=== Material provided ===
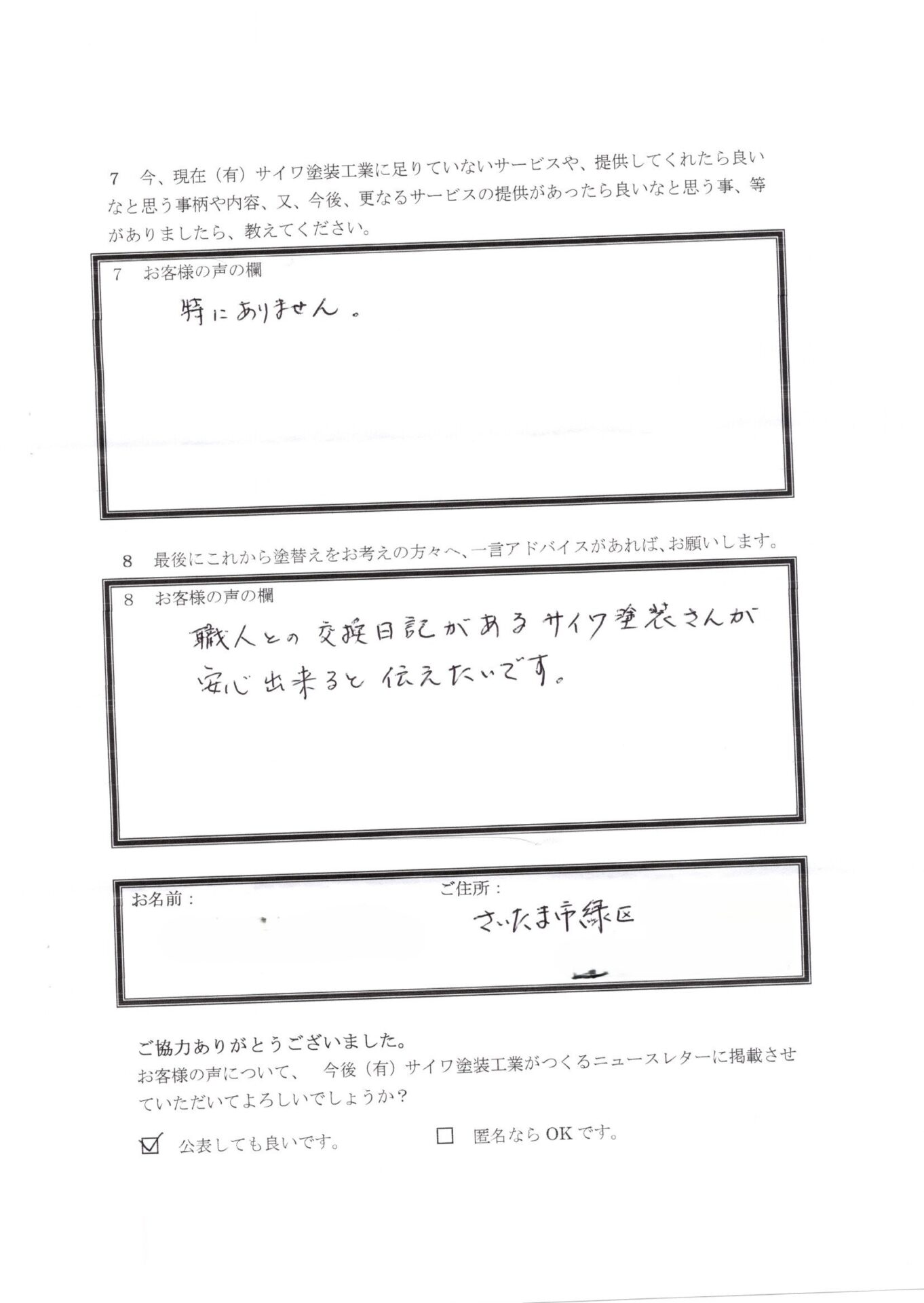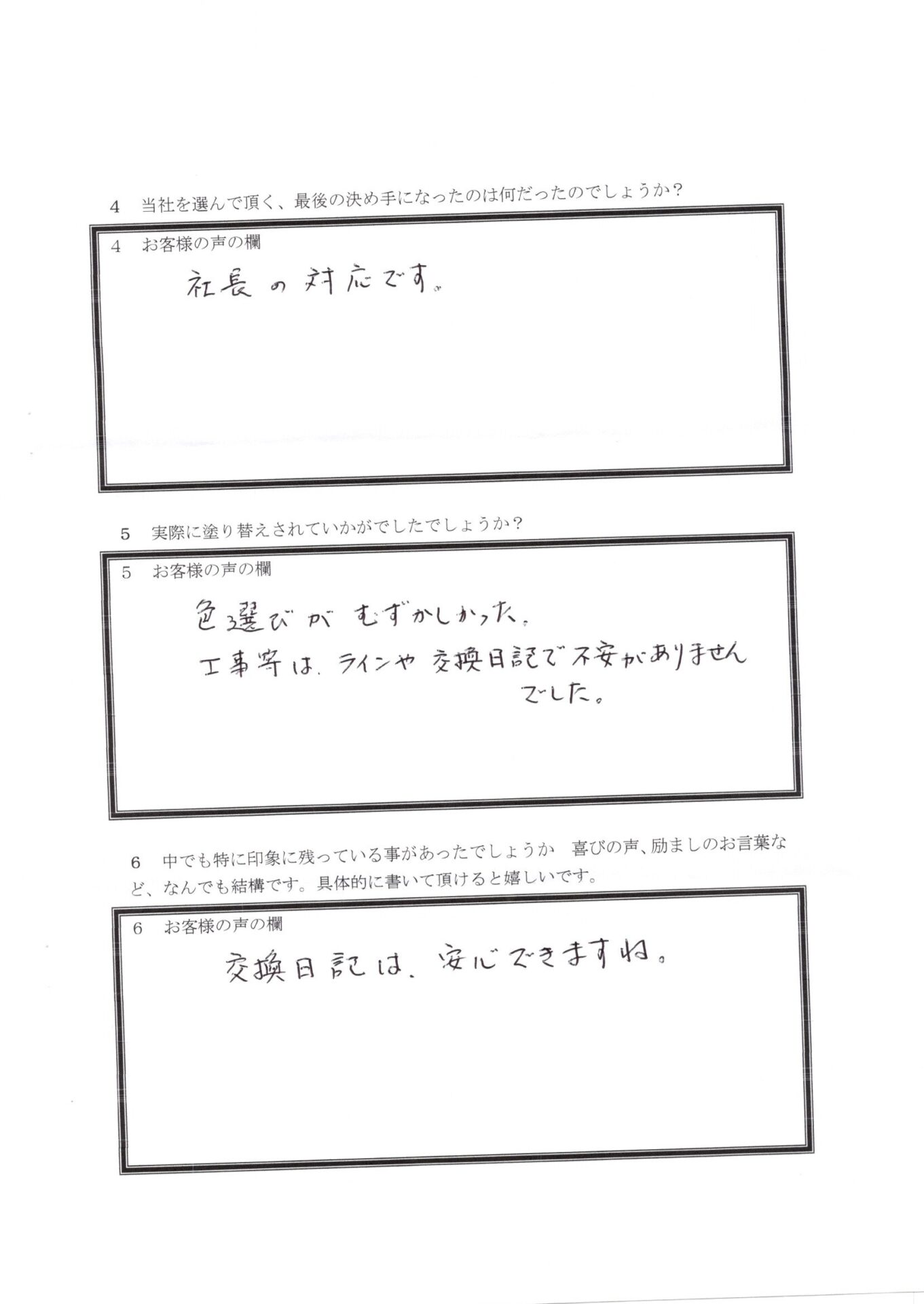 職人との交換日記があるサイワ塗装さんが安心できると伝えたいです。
===
=== Material provided ===
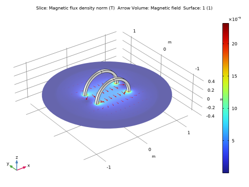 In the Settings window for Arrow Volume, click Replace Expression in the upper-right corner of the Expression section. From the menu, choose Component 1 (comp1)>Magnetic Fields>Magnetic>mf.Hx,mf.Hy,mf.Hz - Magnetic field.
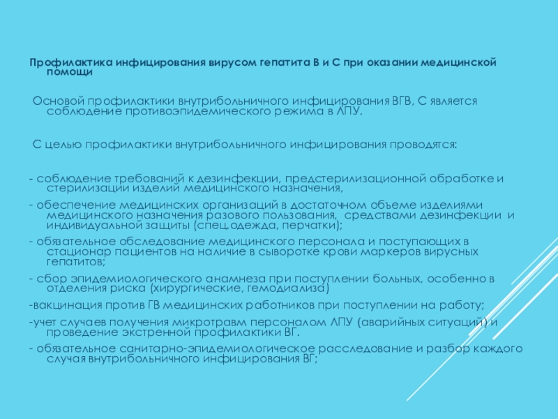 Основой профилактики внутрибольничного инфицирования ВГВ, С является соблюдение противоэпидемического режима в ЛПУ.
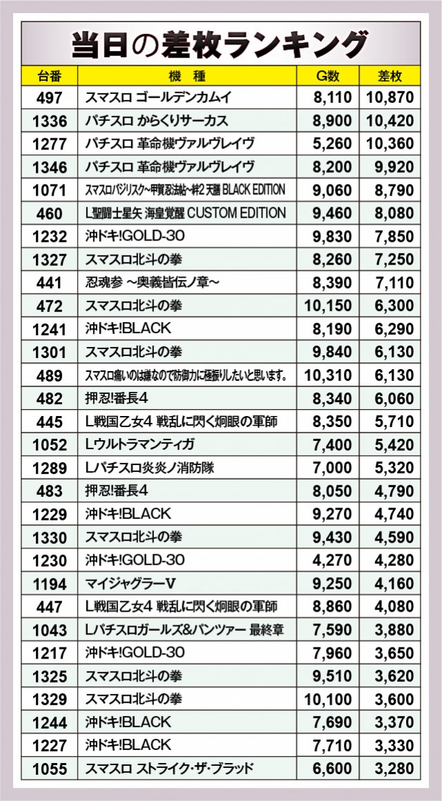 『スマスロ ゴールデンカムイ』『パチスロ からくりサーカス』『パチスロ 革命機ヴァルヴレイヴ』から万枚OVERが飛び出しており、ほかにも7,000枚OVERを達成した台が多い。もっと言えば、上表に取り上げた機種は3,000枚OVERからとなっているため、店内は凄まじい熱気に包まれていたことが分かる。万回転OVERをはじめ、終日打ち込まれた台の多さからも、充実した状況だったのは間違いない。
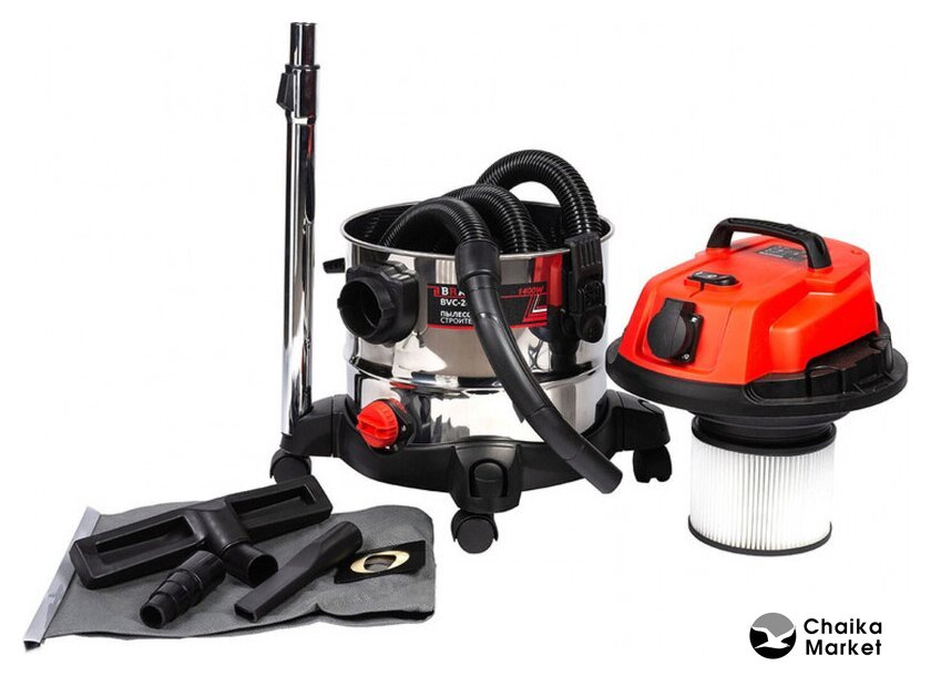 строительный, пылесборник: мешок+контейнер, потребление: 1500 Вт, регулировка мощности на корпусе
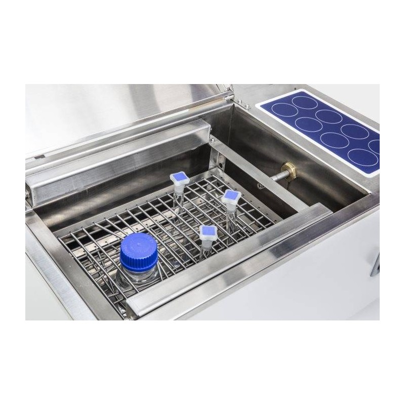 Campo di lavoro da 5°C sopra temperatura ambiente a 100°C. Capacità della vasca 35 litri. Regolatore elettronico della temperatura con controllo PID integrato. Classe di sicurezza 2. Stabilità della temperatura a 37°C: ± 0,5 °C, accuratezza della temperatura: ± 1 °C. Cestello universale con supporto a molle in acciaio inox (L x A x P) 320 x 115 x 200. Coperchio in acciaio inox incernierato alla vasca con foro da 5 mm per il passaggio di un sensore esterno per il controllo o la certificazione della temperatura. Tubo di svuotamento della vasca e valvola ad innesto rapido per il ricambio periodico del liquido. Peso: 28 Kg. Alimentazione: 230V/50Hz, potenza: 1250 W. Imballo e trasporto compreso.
===
**Task item:** If a picture sits between the line containing "Основой профилактики внутрибольничного" and the line containing "строительный, пылесборник: мешок+контейнер, потребление: 1500", leave it out, and return the lines of that range above exactly, both ends included.

**Your solution:**
 Основой профилактики внутрибольничного инфицирования ВГВ, С является соблюдение противоэпидемического режима в ЛПУ.
 『スマスロ ゴールデンカムイ』『パチスロ からくりサーカス』『パチスロ 革命機ヴァルヴレイヴ』から万枚OVERが飛び出しており、ほかにも7,000枚OVERを達成した台が多い。もっと言えば、上表に取り上げた機種は3,000枚OVERからとなっているため、店内は凄まじい熱気に包まれていたことが分かる。万回転OVERをはじめ、終日打ち込まれた台の多さからも、充実した状況だったのは間違いない。
 строительный, пылесборник: мешок+контейнер, потребление: 1500 Вт, регулировка мощности на корпусе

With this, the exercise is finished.